[Opening DATA TO USE section]
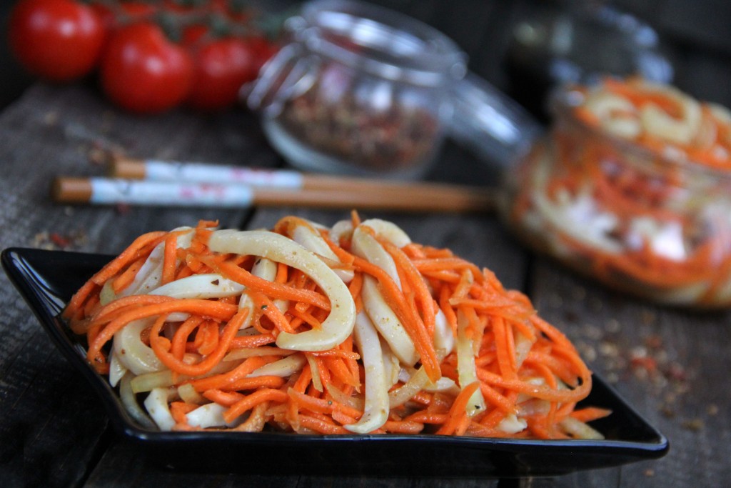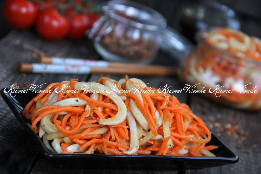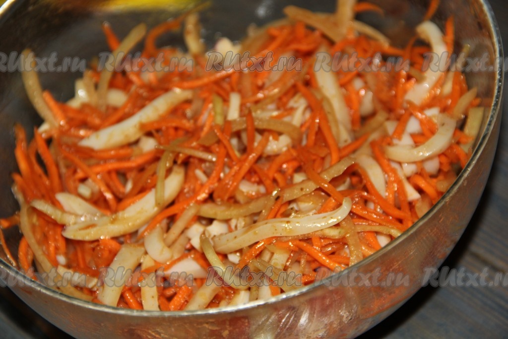 Тщательно перемешать кальмары с овощами. Затем влить уксус, соевый соус и масло. Хорошо перемешать хе и убрать в холодильник на 2-3 часа.
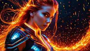 Spectaculaire digitale kunstfoto met dramatische contrasten tussen warm oranje vuureffecten en koele blauwe neonverlichting. Het futuristische kostuum met metallic details en de dynamische vonkenregen creëren een meeslepende cyberpunk sfeer. perfect voor gaming artwork, boekomslagen of moderne marketingcampagnes.
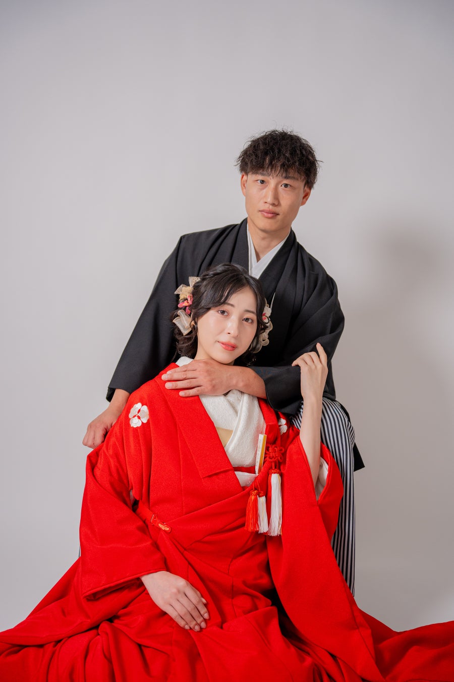 2着撮りにも対応:白無垢+赤無垢のコントラストで“凛”と“艶”の両方を残す撮影が可能。
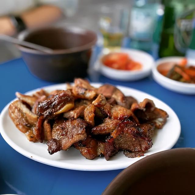 这家烤肉店在东大门真的很有名气,上过很多美食综艺节目!最有特色的菜是他的炭火烤猪排!
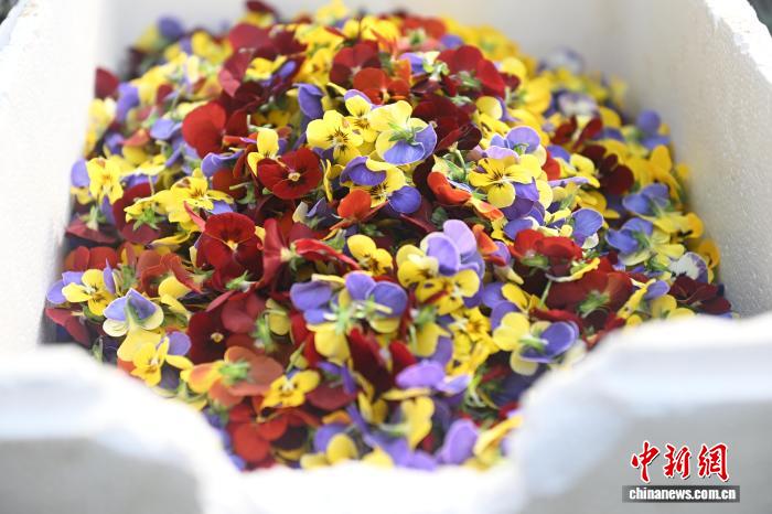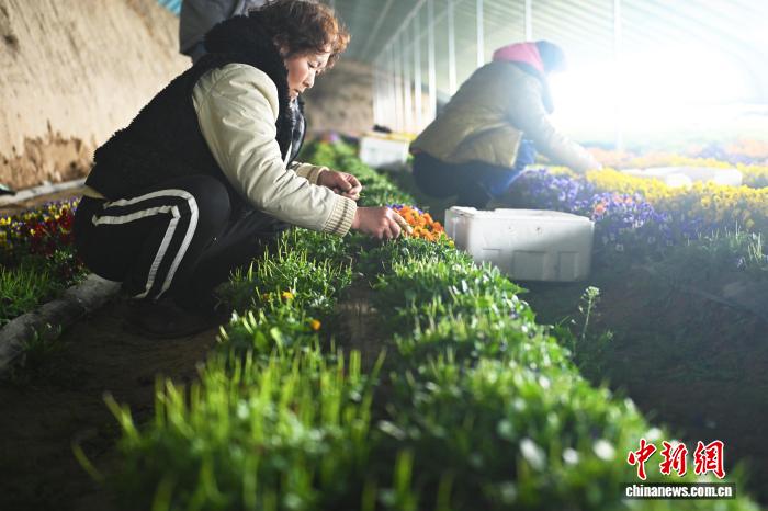 6 февраля, «Жэньминь жибао» онлайн -- В эти дни в центре выращивания съедобных декоративных цветов в деревне Хунлянъин уезда Юйчжун провинции Ганьсу /Северо-Западный Китай/ работники собирают урожай.
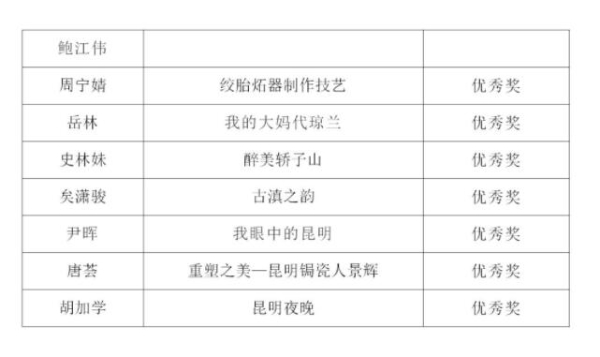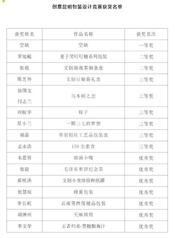 為慶祝中華人民共和國成立七十周年,激發(fā)昆明地區(qū)職工學(xué)技術(shù)、練技能、做貢獻(xiàn)的熱情,廣泛挖掘文化創(chuàng)意領(lǐng)域中的新生代設(shè)計(jì)師原創(chuàng)力量,引導(dǎo)文化創(chuàng)意設(shè)計(jì)緊貼生活,將傳統(tǒng)文化與現(xiàn)代科技,藝術(shù)價(jià)值與實(shí)用功能,創(chuàng)意設(shè)計(jì)與產(chǎn)業(yè)需求相結(jié)合,昆明市委宣傳部、昆明市總工會(huì)、昆明市人力資源和社會(huì)保障局共同舉辦了2019第二屆金茶花文化創(chuàng)意設(shè)計(jì)大賽之“當(dāng)好主人翁、建功新時(shí)代”為主題的昆明地區(qū)職工文化創(chuàng)意職業(yè)技能競賽。經(jīng)過宣傳推廣、報(bào)名初賽、現(xiàn)場展示、決賽評(píng)審等環(huán)節(jié),產(chǎn)生了五大競賽領(lǐng)域的各個(gè)獎(jiǎng)項(xiàng),現(xiàn)將獲獎(jiǎng)名單公布如下:
[Closing DATA TO USE section]
» **YOUR ASSIGNMENT**
With the pictures omitted, the records above are to be repeated exactly.

» **ANSWER FOR THE TASK**
 Тщательно перемешать кальмары с овощами. Затем влить уксус, соевый соус и масло. Хорошо перемешать хе и убрать в холодильник на 2-3 часа.
 Spectaculaire digitale kunstfoto met dramatische contrasten tussen warm oranje vuureffecten en koele blauwe neonverlichting. Het futuristische kostuum met metallic details en de dynamische vonkenregen creëren een meeslepende cyberpunk sfeer. perfect voor gaming artwork, boekomslagen of moderne marketingcampagnes.
 2着撮りにも対応:白無垢+赤無垢のコントラストで“凛”と“艶”の両方を残す撮影が可能。
 这家烤肉店在东大门真的很有名气,上过很多美食综艺节目!最有特色的菜是他的炭火烤猪排!
 6 февраля, «Жэньминь жибао» онлайн -- В эти дни в центре выращивания съедобных декоративных цветов в деревне Хунлянъин уезда Юйчжун провинции Ганьсу /Северо-Западный Китай/ работники собирают урожай.
 為慶祝中華人民共和國成立七十周年,激發(fā)昆明地區(qū)職工學(xué)技術(shù)、練技能、做貢獻(xiàn)的熱情,廣泛挖掘文化創(chuàng)意領(lǐng)域中的新生代設(shè)計(jì)師原創(chuàng)力量,引導(dǎo)文化創(chuàng)意設(shè)計(jì)緊貼生活,將傳統(tǒng)文化與現(xiàn)代科技,藝術(shù)價(jià)值與實(shí)用功能,創(chuàng)意設(shè)計(jì)與產(chǎn)業(yè)需求相結(jié)合,昆明市委宣傳部、昆明市總工會(huì)、昆明市人力資源和社會(huì)保障局共同舉辦了2019第二屆金茶花文化創(chuàng)意設(shè)計(jì)大賽之“當(dāng)好主人翁、建功新時(shí)代”為主題的昆明地區(qū)職工文化創(chuàng)意職業(yè)技能競賽。經(jīng)過宣傳推廣、報(bào)名初賽、現(xiàn)場展示、決賽評(píng)審等環(huán)節(jié),產(chǎn)生了五大競賽領(lǐng)域的各個(gè)獎(jiǎng)項(xiàng),現(xiàn)將獲獎(jiǎng)名單公布如下:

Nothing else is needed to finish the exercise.